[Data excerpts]
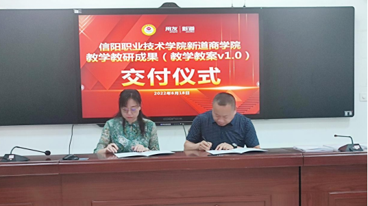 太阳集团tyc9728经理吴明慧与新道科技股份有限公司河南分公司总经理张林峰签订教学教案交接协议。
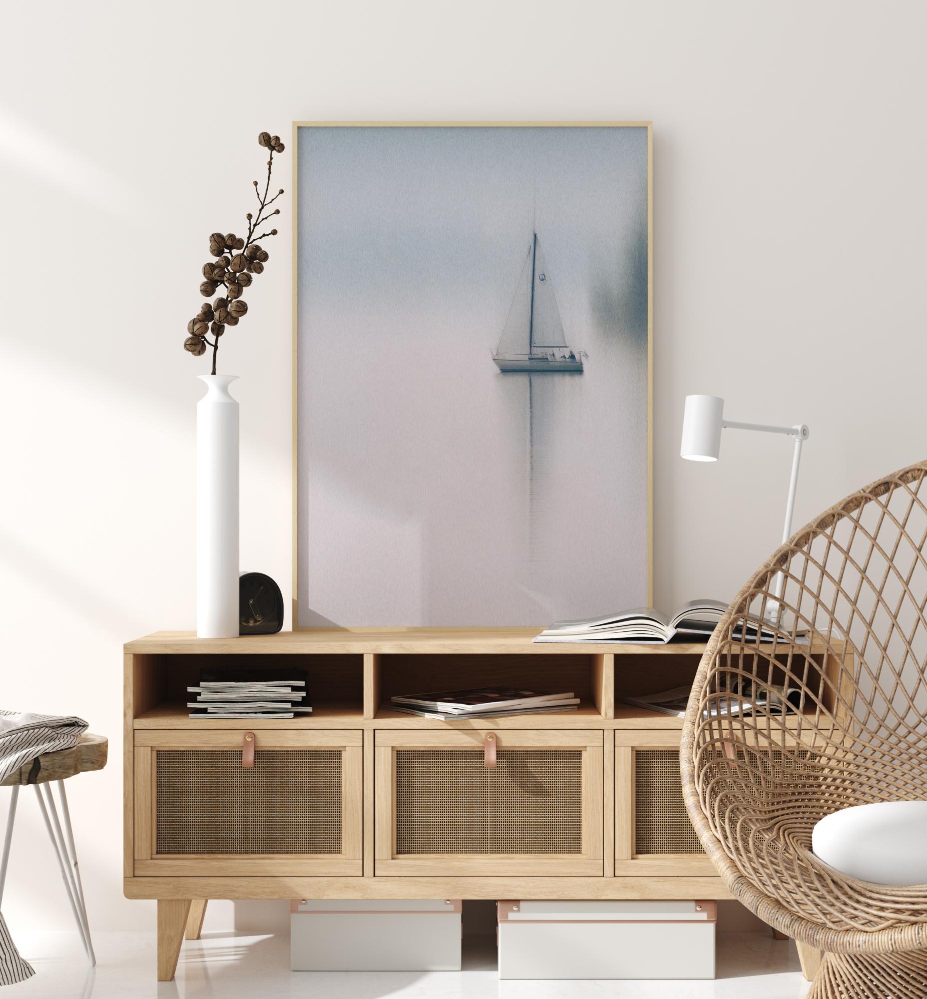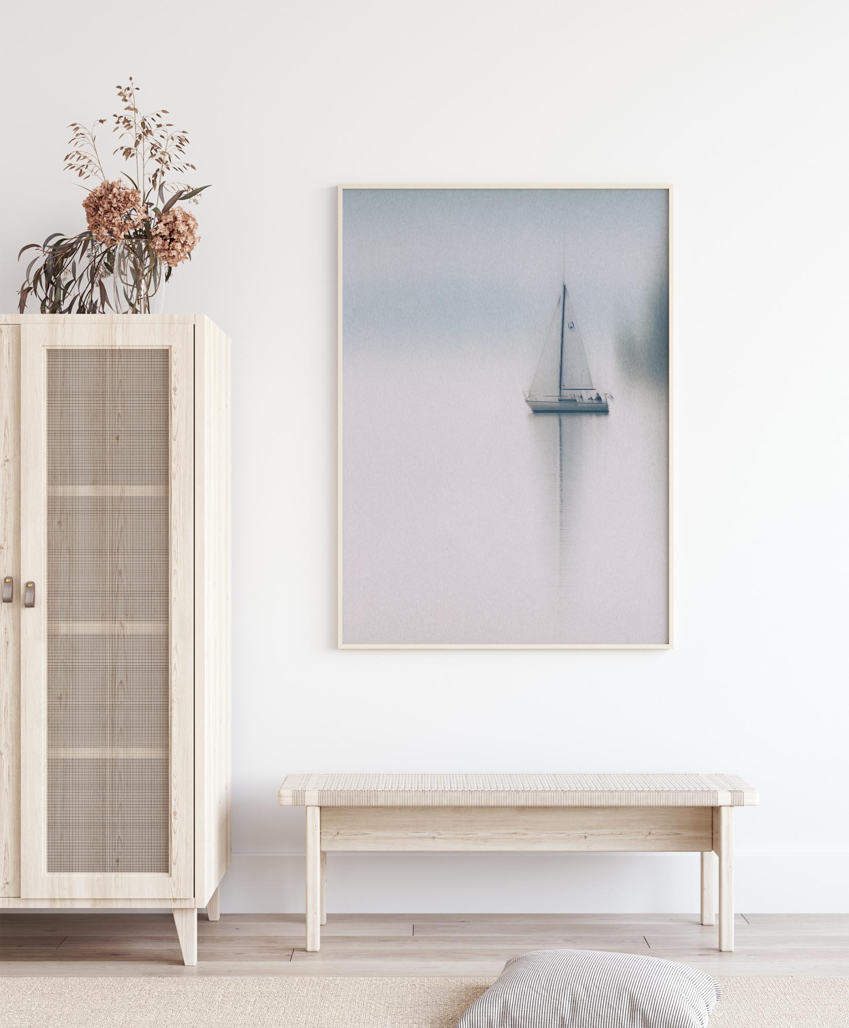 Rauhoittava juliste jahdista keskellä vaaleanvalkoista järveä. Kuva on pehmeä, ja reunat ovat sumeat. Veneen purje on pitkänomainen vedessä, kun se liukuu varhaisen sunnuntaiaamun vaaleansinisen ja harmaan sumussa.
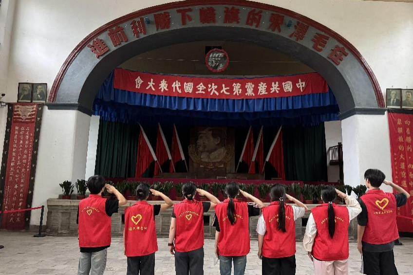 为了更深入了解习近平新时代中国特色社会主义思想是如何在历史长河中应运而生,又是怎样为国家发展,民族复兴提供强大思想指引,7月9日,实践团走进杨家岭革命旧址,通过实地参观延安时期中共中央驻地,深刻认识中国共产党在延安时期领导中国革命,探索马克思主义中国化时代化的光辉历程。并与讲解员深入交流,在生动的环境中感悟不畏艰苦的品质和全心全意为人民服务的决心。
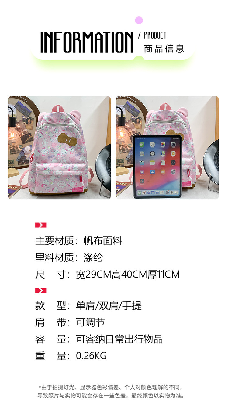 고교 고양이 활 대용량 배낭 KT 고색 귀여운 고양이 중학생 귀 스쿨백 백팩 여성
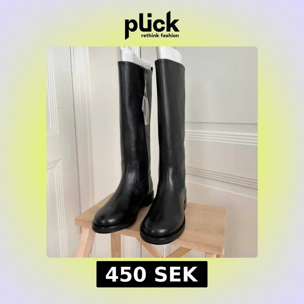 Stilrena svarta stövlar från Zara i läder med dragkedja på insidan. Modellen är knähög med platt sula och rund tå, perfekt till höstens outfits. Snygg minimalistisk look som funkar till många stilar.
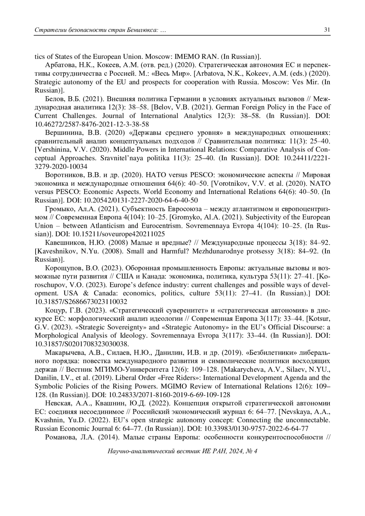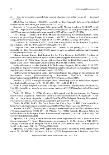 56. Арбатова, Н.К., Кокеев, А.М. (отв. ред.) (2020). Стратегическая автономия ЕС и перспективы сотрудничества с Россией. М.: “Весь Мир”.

*Instructions to follow:*
These entries are to be printed again word for word, except for the pictures.

*Answer to this task:*
 太阳集团tyc9728经理吴明慧与新道科技股份有限公司河南分公司总经理张林峰签订教学教案交接协议。
 Rauhoittava juliste jahdista keskellä vaaleanvalkoista järveä. Kuva on pehmeä, ja reunat ovat sumeat. Veneen purje on pitkänomainen vedessä, kun se liukuu varhaisen sunnuntaiaamun vaaleansinisen ja harmaan sumussa.
 为了更深入了解习近平新时代中国特色社会主义思想是如何在历史长河中应运而生,又是怎样为国家发展,民族复兴提供强大思想指引,7月9日,实践团走进杨家岭革命旧址,通过实地参观延安时期中共中央驻地,深刻认识中国共产党在延安时期领导中国革命,探索马克思主义中国化时代化的光辉历程。并与讲解员深入交流,在生动的环境中感悟不畏艰苦的品质和全心全意为人民服务的决心。
 고교 고양이 활 대용량 배낭 KT 고색 귀여운 고양이 중학생 귀 스쿨백 백팩 여성
 Stilrena svarta stövlar från Zara i läder med dragkedja på insidan. Modellen är knähög med platt sula och rund tå, perfekt till höstens outfits. Snygg minimalistisk look som funkar till många stilar.
 56. Арбатова, Н.К., Кокеев, А.М. (отв. ред.) (2020). Стратегическая автономия ЕС и перспективы сотрудничества с Россией. М.: “Весь Мир”.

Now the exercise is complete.